To explain how to use this framework, I will take a simple example where a ViewController contains mix of native controls and a WebView (BTW, because delegate functionality is separated from the ViewController, you can now have multiple Web Views in the same View Controller and can still use the framework). Let’s create a ViewController that has a text box and a button (native controls) and a WebView.

20140102_App1The WebView contains a combo box. There is no native combo box control in the Cocoa library, so this example might be useful to you if you want to create a combo box and don’t mind if it is created using HTML.

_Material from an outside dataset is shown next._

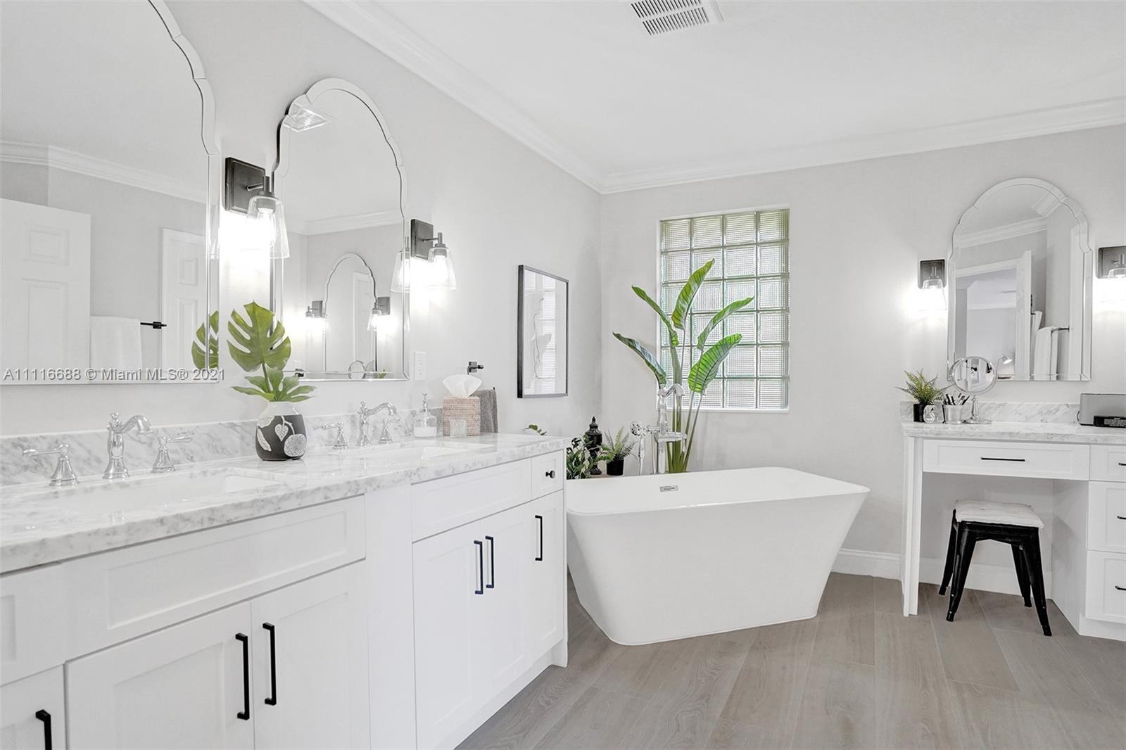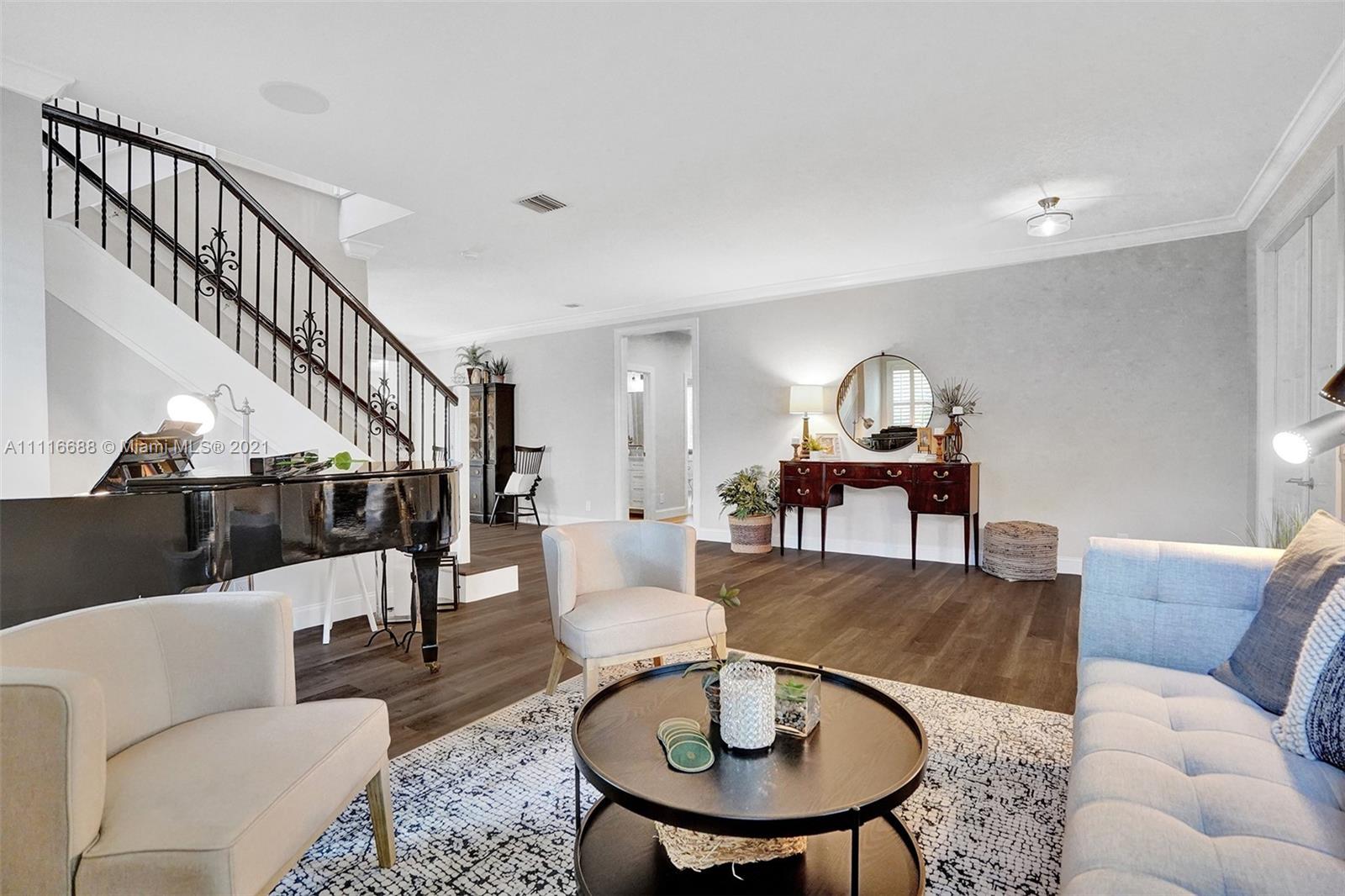RENOVATIONS GALORE IN THIS SPACIOUS HOME. ENJOY YOUR SOUTHERN EXPOSURE FROM YOUR PRIVATE FULLY FENCED TROPICAL LANDSCAPED WATER LOT WITH A HEATED POOL/SPA. EXPANSIVE PAVER PATIO WITH OVERHANG. MODEL CONDITION HOME RIGHT OUT OF HGTV. NEW FLOORING THROUGHOUT THE ENTIRE HOUSE. WHITE KITCHEN WITH QUARTZ COUNTERTOPS, STAINLESS STEEL APPLIANCES, CENTER ISLAND, AND MORE. EXTENSIVE CROWN MOLDINGS, FULL BED/BATH FIRST LEVEL. OVERSIZED MASTER BEDROOM WITH NEW OWNER'S BATH, COMPLETE WITH VESSEL TUB, CUSTOM WHITE CABINETS, MARBLE COUNTERTOPS AND GRAND SHOWER. CUSTOM LIGHT FIXTURES, PLANTATION SHUTTERS, WALK TO COMMUNITY PARK AND SOCCER FIELD.

When the view controller is loaded, it opens index.html in the web view. index.html has just one combo box and it calls a native (Objective-C) method to get the content and populates the list. If you enter text in the text box and click add button, the native code calls a method in JavaScript in index.html to add new item to the list.

 

20140102_Storyboard

This is how the storyboard for this app looks like. Text box, add button and WebView are native iOS controls. Combo box is HTML control displayed in the WebView.

 

 

I created a ViewController class for the above view and called it RKMainViewController.

#import <UIKit/UIKit.h>
#import "WebViewInterface.h"

@interface RKMainViewController : UIViewController <WebViewInterface>
@property (weak, nonatomic) IBOutlet UIWebView *webView;

@end

So unlike the previous framework, this class does not extend WebViewController. It extends UIViewController and implements WebViewInterface protocol of the framework. I have also created an outlet for the web view.

In the implementation of this class (RKMainViewController.m), I first declare local property (for WebViewDelegate) , action for ‘Add’ button and outlet for text box.

@interface RKMainViewController ()
	@property (weak, nonatomic) IBOutlet UITextField *txt1;
	- (IBAction)onAdd:(id)sender;
	@property WebViewDelegate *webViewDelegate;
@end

Of course, you need to connect outlet and action to controls in the storyboard. In the viewLoad function of this class, I create a new instance of WebViewDelegate, disable scrolling on it and load index.html from www folder –

- (void)viewDidLoad
{
    [super viewDidLoad];

	self.webViewDelegate = [[WebViewDelegate alloc] initWithWebView:self.webView withWebViewInterface:self];

	self.webView.scrollView.scrollEnabled = false;
	[self.webViewDelegate loadPage:@"index.html" fromFolder:@"www"];
}

processFunctionFromJS (part of WebViewInterface protocol. RKMainViewController implements this protocol. See the class declaration above) function is where we handle methods called from JavaScript. In this example I handle ‘loadList’ function called from JS –

- (id) processFunctionFromJS:(NSString *) name withArgs:(NSArray*) args error:(NSError **) error
{
	if ([name compare:@"loadList" options:NSCaseInsensitiveSearch] == NSOrderedSame)
	{
		NSArray *listElements = @[@"Item 1", @"Item 2"];

		NSData *jsonData = [NSJSONSerialization dataWithJSONObject:listElements options:0 error:nil];

		NSString *result = [[NSString alloc] initWithData:jsonData encoding:NSUTF8StringEncoding];

		return result;
	}

	return nil;
}

I am returning two hard-coded list items in response to the call to loadList function. The result is returned as JSON string.

Action handler for ‘Add’ button gets text from the text box and calls JS function ‘addToList’.

- (IBAction)onAdd:(id)sender {
	NSDictionary *dict = @{@"newListItem":self.txt1.text};

	[self.webViewDelegate callJSFunction:@"addToList" withArgs:dict];

}

Text to be added is passed in a dictionary, with key ‘newListItem’.

Now, let’s look at index.html. JS code in this file  calls loadList function to populate the combo list and declares ‘addToList’ JS function, which is called from the native code, as shown in the code snippet above.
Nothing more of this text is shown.